▸ **Your task**
Transcribe exactly the entries from the "La cuña para" line to the end, both included, minus pictures.

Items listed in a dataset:
#####

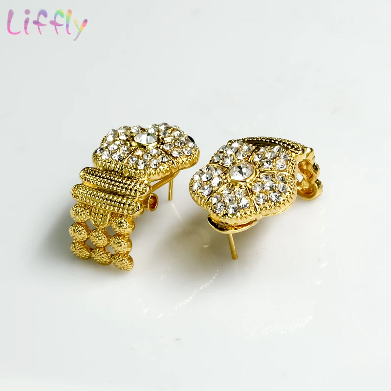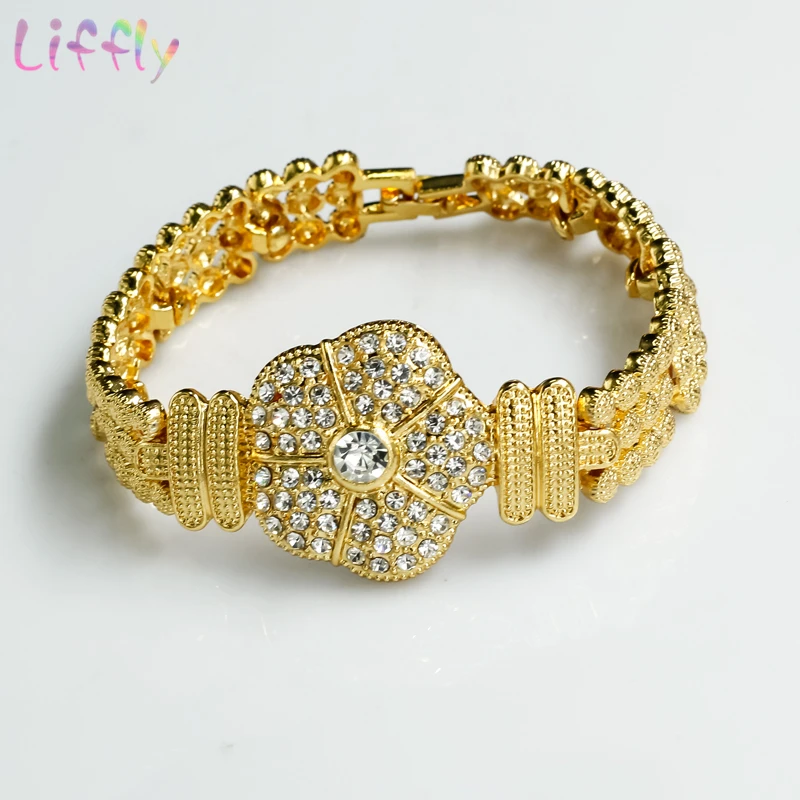 Ювелирные изделия из Нигерии Набор золотое солнце цветочный кристалл роскошное многослойное ожерелье серьги браслет индийские ювелирные изделия арабское ювелирное изделие для женщин
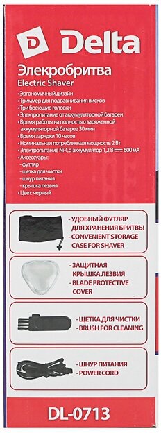 Бритва электрическая DELTA DL-0713 черный: 2 Вт, аккум. 1,2 В (40)
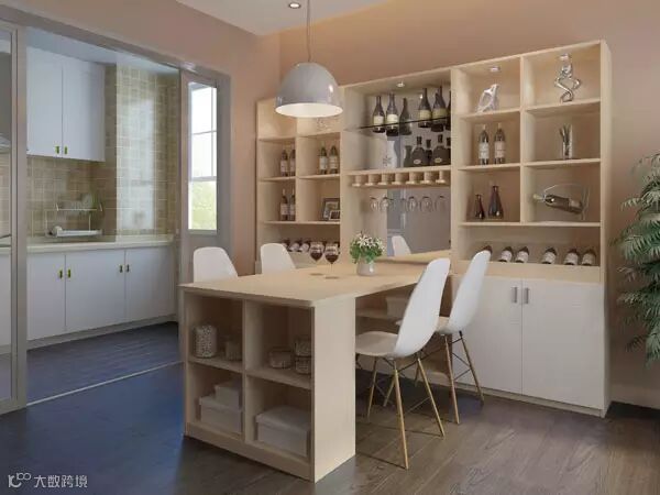 餐厨空间采取了半开放式的设计,餐桌脚不是简单的支架,而是设计成“田”字型的收纳柜,既满足了业主对于餐具收纳的所需,又保证了整体空间的美观度。
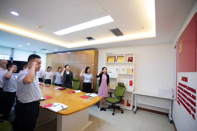 “我志愿加入中國共產(chǎn)黨……隨時準備為黨和人民犧牲一切,永不叛黨。”在公司黨委委員、紀委書記廖紅梅的帶領下,13位公司本部黨員代表列隊肅立,高舉右拳,面對鮮紅的黨旗重溫入黨誓詞,再次莊嚴宣誓,鏗鏘誓詞,強烈震撼著在場每一位黨員;錚錚誓言,充分激發(fā)奮斗初心使命,升華黨員覺悟,進一步堅定了對黨的赤膽忠心和為共產(chǎn)主義事業(yè)奮斗終身的強烈決心。
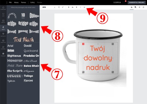 7️⃣ (7) - Wybierzesz jedną z wielu dostępnych czcionek (krojów pisma), umieścisz dowolny tekst na kubku
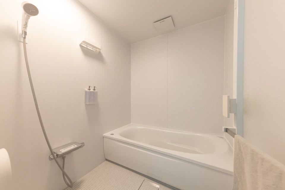 バスルームの壁はマグネットボードになっており、“浮かせる収納”が可能です。水垢が付きやすいので鏡は設置せず、脱衣所に鏡を取り付けました。
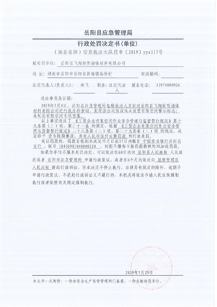 行政處罰決定書(湘嶽嶽陽安監執法大隊罰單〔2019 〕yyx117號)
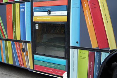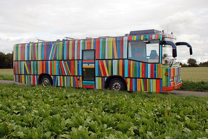 Peter Callesen has recently been working on the decoration of a public library bus, which is a commission work for the Danish Art Council in collaboration with the Borough of Guldborgsund, at Falster in the southern part of Denmark. First Peter Callesen has photographed around 500 different books from the local library, He then asked the local residents of the area to come up with their own titles for books, which he afterwards exchanged with the old titles. This has resulted in around 500 different authors and made-up titles, which now embellish the exterior of the bus in a mosaic pattern of books in different bright colors. Some examples of the book titles:
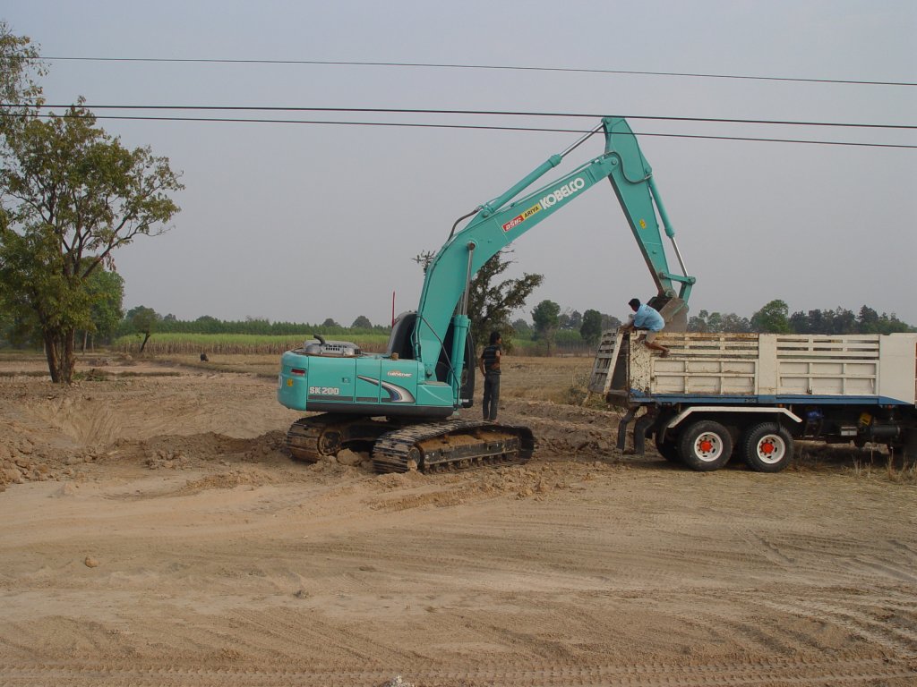 Dieser Kettenbagger SK200 Geospec von KOBELCO arbeitet am 07.02.2011 um 16.20 Uhr noch, aber der Augenblick des Feierabends ist nicht mehr fern. (Straßenbau bei Lamplaimat im Nordosten Thailands)
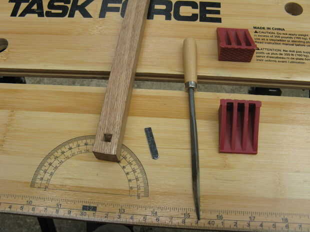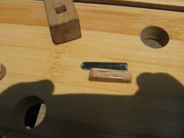 La cuña para sujetar la hoja en debe ser de 1/16"- 1/8" más corto que la hoja.  Debe ser 1/4 "x 1/4" cuadrado.  la parte inferior del chaflán con un archivo.  Luego sería tomar un avión de bloque y afeitar hacia abajo hasta que encaje perfectamente con la hoja en así.  La hoja y la cuña deben ser muy ceñidos.  En mi medidor tienes golpéelo ligeramente con un mazo para configurarlo.
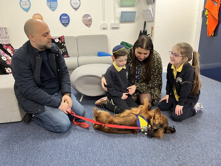 There’s a new dog in town… say hello to Ralph! Ralph is a very lovely ‘Pets as Therapy’ dog. He is specially trained to visit hospitals and care homes but he has agreed (with his kind owner) to visit Sinai to boost the children’s confidence and he will even listen to them read. He enjoyed plenty of tummy rubs and seemed very at home in our school.

#####

▸ **Response below**
 La cuña para sujetar la hoja en debe ser de 1/16"- 1/8" más corto que la hoja.  Debe ser 1/4 "x 1/4" cuadrado.  la parte inferior del chaflán con un archivo.  Luego sería tomar un avión de bloque y afeitar hacia abajo hasta que encaje perfectamente con la hoja en así.  La hoja y la cuña deben ser muy ceñidos.  En mi medidor tienes golpéelo ligeramente con un mazo para configurarlo.
 There’s a new dog in town… say hello to Ralph! Ralph is a very lovely ‘Pets as Therapy’ dog. He is specially trained to visit hospitals and care homes but he has agreed (with his kind owner) to visit Sinai to boost the children’s confidence and he will even listen to them read. He enjoyed plenty of tummy rubs and seemed very at home in our school.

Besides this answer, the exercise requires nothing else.